All animal experiments reported herein were approved by the Institutional Animal Care and Use Committee of the Texas A&M University System. Six well-fed, ovariectomized, and estradiol-implanted Braford cows (6.5 ± 0.4 yr of age) were each fitted with IIIV cannula using procedures of Gazal et al. . Estradiol implants were designed to produce serum concentrations of estradiol of 2–3 pg/mL . Cows were given at least 1 mo of rest after surgical procedures before initiation of the experiment. At the start of the experiment, cows weighed 489.2 ± 39.4 kg and were in body condition 5.6 ± 0.1 on a scale of 1 to 9 (i.e., 1 = emaciated and 9 = obese).

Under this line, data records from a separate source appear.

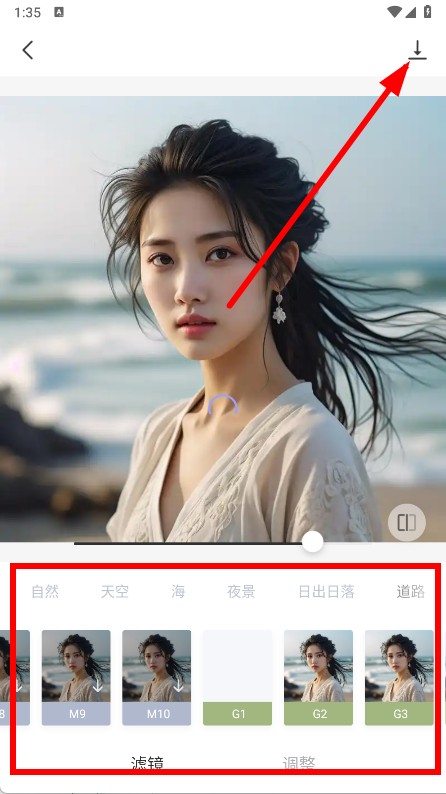 4、选择不同滤镜效果进行调整,调整完成后点击右上角保存按钮,即可保存修图后的照片。
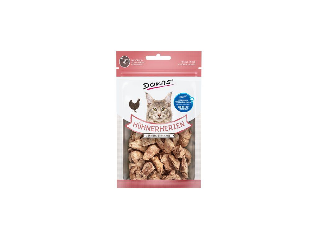 Dokas Mrazem sušená kuřecí srdíčka pro kočky 15 g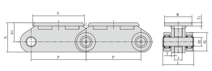 鏈號(hào) 節(jié)距 滾子直徑 銷軸直徑 銷軸長(zhǎng)度 鏈板厚度 附件尺寸 抗拉強(qiáng)度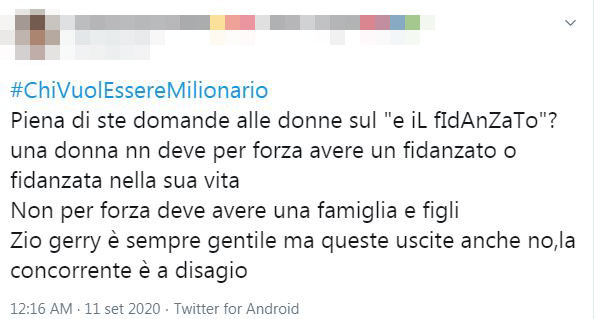 “Piena di ste domande alle donne sul fidanzato. Una donna non deve per forza avere un fidanzato o fidanzata nella sua vita. Non per forza deve avere una famiglia e figli. Zio Gerry è sempre gentile ma queste uscite anche no, la concorrente è a disagio” osserva con particolare fastidio un utente.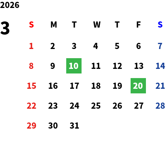 第2火曜日、祝日(但し、月によって変則的な場合がございます。詳しい定休日は営業日カレンダーをご確認ください。)
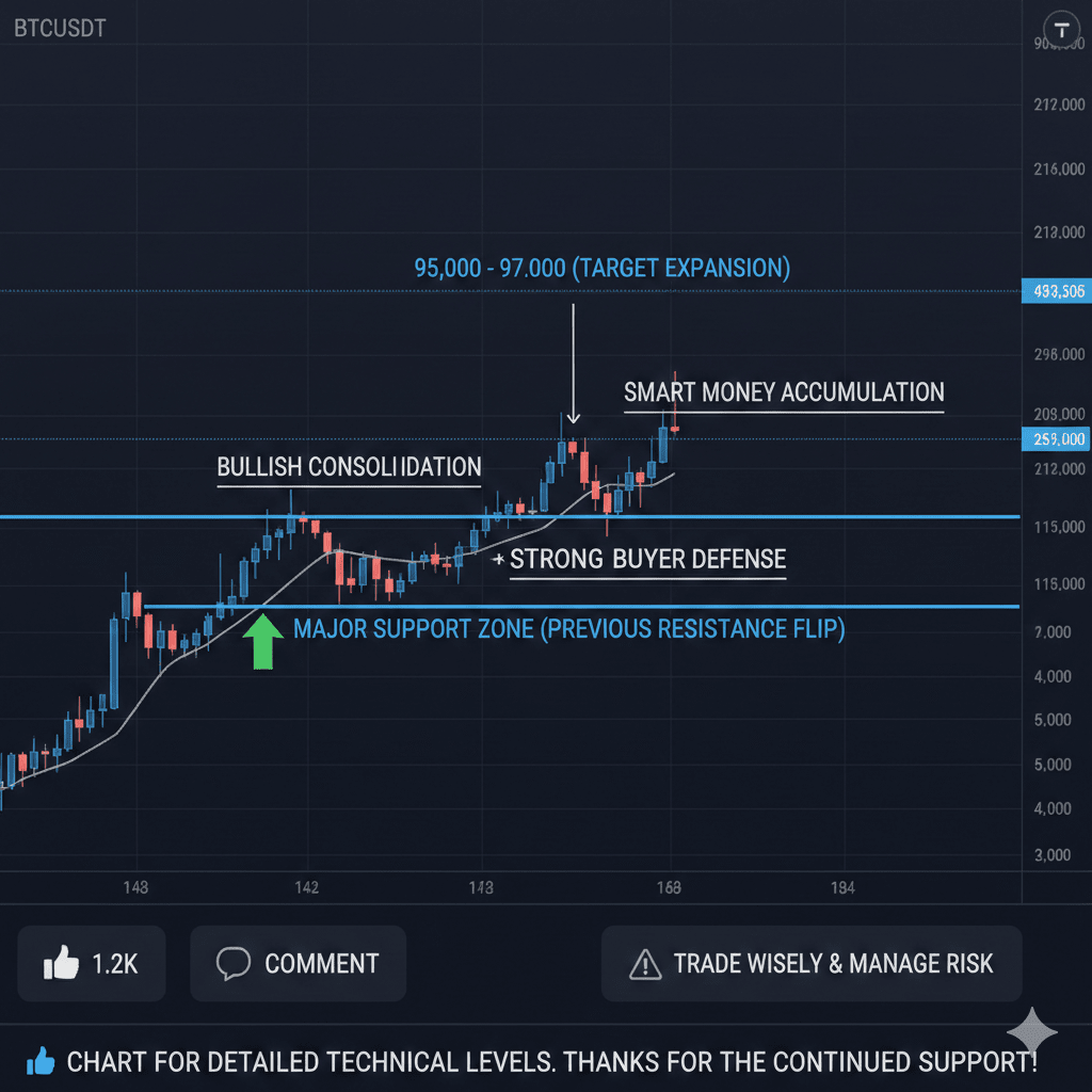 Bitcoin (BTCUSDT) actualmente se está negociando dentro de una fase de consolidación alcista, reflejando una fuerza subyacente fuerte en el mercado. La acción del precio permanece controlada y constructiva, con los compradores defendiendo firmemente los niveles clave y evitando cualquier movimiento a la baja significativo.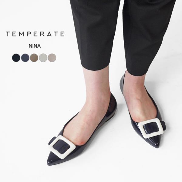 テンパレイト レインシューズ パンプス レディース TEMPERATE NINA ポインテッドトゥ PVC バックル ローヒール フラット 靴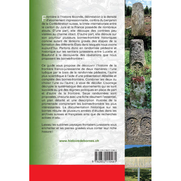 Ce guide vous propose de découvrir l’histoire de la frontière franco-jurassienne de deux manières : l’une ludique par le biais de la randonnée pédestre, l’autre plus scientifique à l’aide d’une présentation détaillée et complète des bornes-frontière. Combiner les deux ou choisir l’une ou l’autre : à vous de décider. L’ouvrage décrypte la systématique des abornements qui se sont succédé au gré des régimes politiques en place de part et d’autre de la frontière. Seize randonnées sont proposées, chacune avec une fiche résumant l’essentiel, un plan détaillé et une description illustrée de la promenade comprenant les bornes-frontière les plus intéressantes. La documentation historique sur les bornes résulte de plusieurs années d’études dans les archives suisses et françaises ainsi que de recherches actives in situ.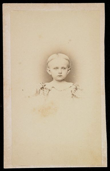 Curator: What a compelling image. This gelatin silver print, “Portret van een onbekend meisje,” was taken by Bernardus Bruining, likely sometime between 1880 and 1890. Editor: It’s strangely ethereal, isn't it? The focus is soft, almost dreamlike. There's a vulnerability to her gaze that immediately pulls you in, though the overall impression is sepia tinged and old-fashioned. Curator: I find the very anonymity fascinating, the “unknown girl.” Photographic portraits at this time became newly accessible to a rising middle class, beyond the elite. They speak volumes about aspiration. Editor: It's true, but think about the societal constraints on young girls then. Was she participating in her self-representation or simply an object to be framed and consumed? Curator: That’s a vital point. This studio portrait is certainly mediated. But within those limits, might we consider her agency? Note the pearl necklace, perhaps a marker of familial wealth or a performative gesture of class identity? Editor: Perhaps. Or maybe the pearls were selected for her, another signifier chosen to construct the image. To analyze this portrait we need to unpack not just her visual representation but the entire culture of portraiture, who had access, how poses were chosen. The photographer, the location of the studio, it all signifies social status and artistic choices that impact how she’s read. Curator: Precisely! The commercial element is also essential. Bruining was a professional photographer in Arnhem; these photographs functioned as commodities in a rapidly developing visual culture. Families paid to memorialize themselves in specific ways. The softness of focus you observed may have been, itself, a fashionable aesthetic, linked to notions of grace or delicacy that were highly prized for young girls at that time. Editor: The questions this image raises extend far beyond the aesthetic then; what she wears, how she looks, these are reflections of complex negotiations that reflect social structures and power dynamics. The act of creating and possessing her photograph shaped her existence in subtle but concrete ways. Curator: Yes, the way this object has become historicized, landing here in the Rijksmuseum and prompting us to look anew at identity, agency, and the performance of the self, it makes me think we owe this unknown girl so much. Editor: Agreed, and that lingering ambiguity of a name long forgotten offers a potent reminder of the power imbalances, but also of how resilient some faces, and the stories they represent, can be.

One day before experiments began, each cow was fitted with a jugular catheter for collection of blood. On each day of the experiment, each cow was placed in a stanchion and polyethylene tubing was inserted through the IIIV cannula to allow collection of CSF and delivery of treatments. Cows were then allowed 1 h of undisturbed rest before treatments were applied. Cows were treated with sterile saline, and NPY (500 μg) and leptin (600 μg) dissolved in saline, in a replicated 3 x 3 Latin Square design (n = 6 and 18 cells of data from the 3 treatments) using dosages and peptides described by Thomas et al. , Morrison et al. , and Amstalden et al. . The randomized blocks of the Latin square were applied at 2-d intervals. Treatments were delivered through IIIV cannula in a 100 μL volume and infused at a rate of 100 μL/min. Subsequently, tubing was flushed with 100 μL saline at this rate to ensure delivery of treatments. Blood (5 mL) and CSF (200 μL) from IIIV were collected simultaneously at 10-min intervals beginning 10 min before treatments and continuing for 220 min after treatments using procedures described by Gazal et al . After treatments were applied, no sampling from the IIIV was performed for a total of 20 min to allow treatments to diffuse into hypothalamic tissue; thus, the 10 min sample was not collected.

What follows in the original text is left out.